La comida, encargada a un afamado servicio de catering, resultó verdaderamente suculenta. El “camaleón” carecía de problema alguno con el dinero. Excelentes y variados entremeses ibéricos, como entrantes; gambones “gigantes” trufados en una salsa ligeramente picante, deliciosos al paladar; carne, exquisitamente mechada al licor, como plato principal; pastel de fruta, navegando en un baño de helado con dátiles tunecinos, como postre; vinos blancos y tintos de reserva, con una copa final de cava.

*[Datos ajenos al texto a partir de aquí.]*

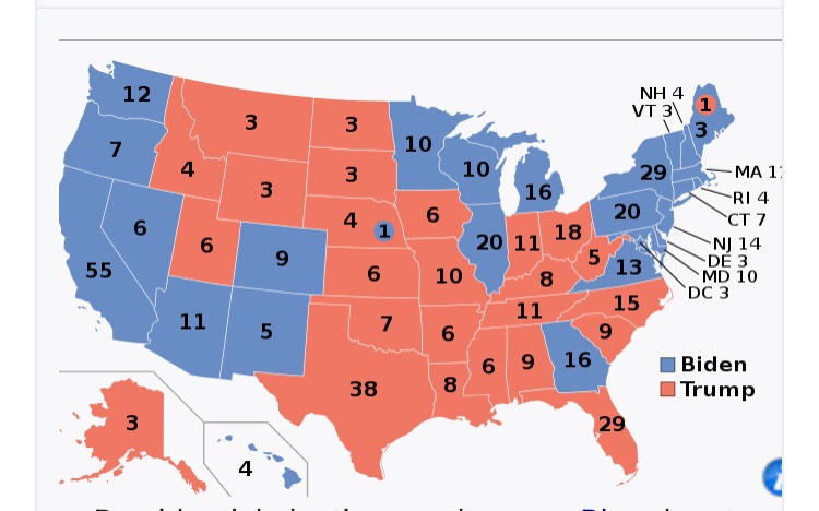 Both the House and the Senate would have to follow through on that. Perhaps there are enough Trumpist senators, but the House will not align with them. It isn't going to get to the point where the House votes directly (one vote per delegation) for the next president.Tero wrote: ↑Fri Jan 01, 2021 1:40 pmJust looking at the states: start at 306 for biden, subtract from that till you get below 270.

Ese fue el contenido de tan “modesto” menú. Cosme, sin embargo, se reafirmó en su creencia de que este hombre sufría la cruel tristeza de la soledad en su vida. Se decía a sí mismo que el dinero no lo trae todo en la vida. Y este propietario, de tan pulcros y educados modales, carecía de familiar o compañera afectiva con quien celebrar su anual onomástica.  

En un momento concreto del “ágape”, el agradecido conserje se sintió motivado para preguntar a D. Rosendo acerca de si había estado casado; Pero el cambio en el talante de su interlocutor, en el que fluyó una profunda tristeza facial, le hizo desistir en ir por ese íntimo camino. El tema del interés por la jardinería que realizaba, en esos invernaderos y umbráculos tan bien organizados que, antes de la comida le había mostrado, era un tema mucho más atractivo. No era conveniente avanzar por cuestiones íntimas que provocaban una pesadumbre evidente en tan solitario personaje. A eso de las cuatro y treinta, Cosme se reincorporó a su puesto de conserje en el portal del edificio, no sin antes mostrar un profundo agradecimiento a su hospitalario anfitrión por la comida de lujo que había tenido oportunidad de disfrutar.

Como no podía ser de otra forma, aquella tarde, sobre las seis y media, vio desde su mostrador como Don Rosendo salía, como cada día, para la calle. Siempre bien trajeado, con el cambio cromático en su elegante atuendo, y ese rojo clavel en su solapa que tan noble prestancia daba a su esbelta figura. Saludó con respeto y admiración a ese tan cualificado y adinerado personaje con el que horas antes había compartido la intimidad de su mesa.

Una mañana, semanas después del almuerzo conjunto, vio con extrañeza como “el Sr. camaleón” (como lo seguía denominando en la intimidad de sus conversaciones con su mujer) salía hacia la calle, arrastrando un gran trolley de cuatro ruedas. Se ofreció a ayudarle aunque D. Rosendo le indicó, con firme gesto “endulzado” con una sonrisa, que no era necesario. Curiosamente, a esas horas de la media mañana, el propietario del ático no iba vestido con sus atuendos habituales. Verle con una sudadera, vaqueros un tanto gastados y unas zapatillas de deporte, provocó al conserje una profunda y divertida sensación de sorpresa. Era la primera vez que este señor ofrecía a sus convecinos esa apariencia tan deportiva y popular.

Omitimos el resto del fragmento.